A Plague Tale’s strengths are in its characters, pacing and overall story. Some of the best moments in the game are when nothing of particular interest is happening and you can take in the environmental storytelling, the beautiful vistas/landscapes and the incredible soundtrack. Picking flowers with your little brother or restoring an old abandoned castle to be your new home are just some of the few moments of respite scattered between the many horrors and grief that beset the two main characters. The extremely talented composer, Olivier Deriviere (known best for his work on the Remember Me soundtrack) composed the music for this game too and it’s quite the listen. Honestly, A Plague Tale rivals a lot of “AAA” studios/games and in my opinion, it can sit alongside the big boys. I just wish more people would have played it. Do not sleep on this game if you enjoy campaign-driven adventure games and historical pieces with some supernatural flair!

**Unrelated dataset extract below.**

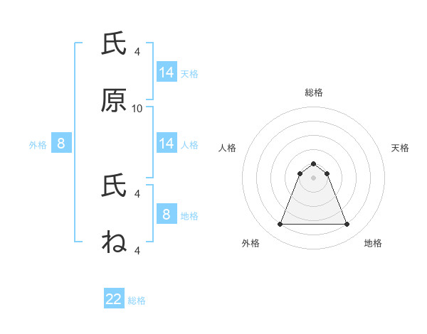 氏原 氏ねさんの外格は8画の4点!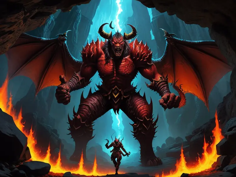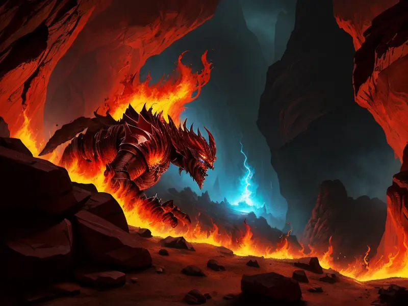Illustration of Fearless Demon, Warrior, At the mouth of a dragon's cave, heat shimmering in the air, shoulder-level shot, Weak, warcraft style, colorful and fun

You’ve Got Detention After Class
I’ve been trying to squeeze in as many horror games as I could before month’s end and among the many I had planned to play, there’s always an unplanned game or two that surfaces. One of which is an interesting Taiwanese 2D survival-horror game that I rediscovered called Detention. This game came out back in 2017 by an independent studio out of Taiwan called Red Candle Games. The game takes place in the 1960s when Taiwan was under martial law, during the White Terror period specifically. Game design-wise, it feels like someone studied all of my favorite survival-horror games from the PS1/PS2 era (like Resident Evil, Silent Hill and Fatal Frame) and distilled them into a satisfying, succinct and compact 2D horror experience with an interesting historical framework. I completed the game at/around the 3 to 4 hour mark, which has slowly become the types of experiences I prefer these days. I can’t say enough good things about the game without spoiling anything and despite the subject material being rather heavy/depressing, it’s one of the best horror games I’ve ever played.
What, These Old Bones?
Finally, I picked-up my copy of MediEvil. I was 12 years old when I first played this back in 1998 on the original PlayStation. It’s been 20+ years, yet here we are again with the remake. I’d like to think MediEvil was from an era that predates today’s independent scene. This game sort of encapsulates a time when developers/publishers could take risks with new characters/IP and develop a game on a smaller budget with a limited scope. MediEvil sort of feels like a byproduct of the mascot-era, too. It’s not unlike Crash Bandicoot, Ratchet & Clank, Sly Cooper, Jak & Daxter or Spyro the Dragon, in terms of Sony chasing that next, new face of PlayStation. In 2019, MediEvil feels like a nice nostalgic trip down into the PlayStation archives and it serves as a comforting palate cleanser between bigger releases. I’ve only played a few levels so far and while the visual upgrades are nice, it still feels like that same game we all played back in 1998, which isn’t necessarily a bad thing. At the end of the day, MediEvil is a fun, brainless (no-pun intended) hack & slash adventure that perfectly bookends the Halloween season.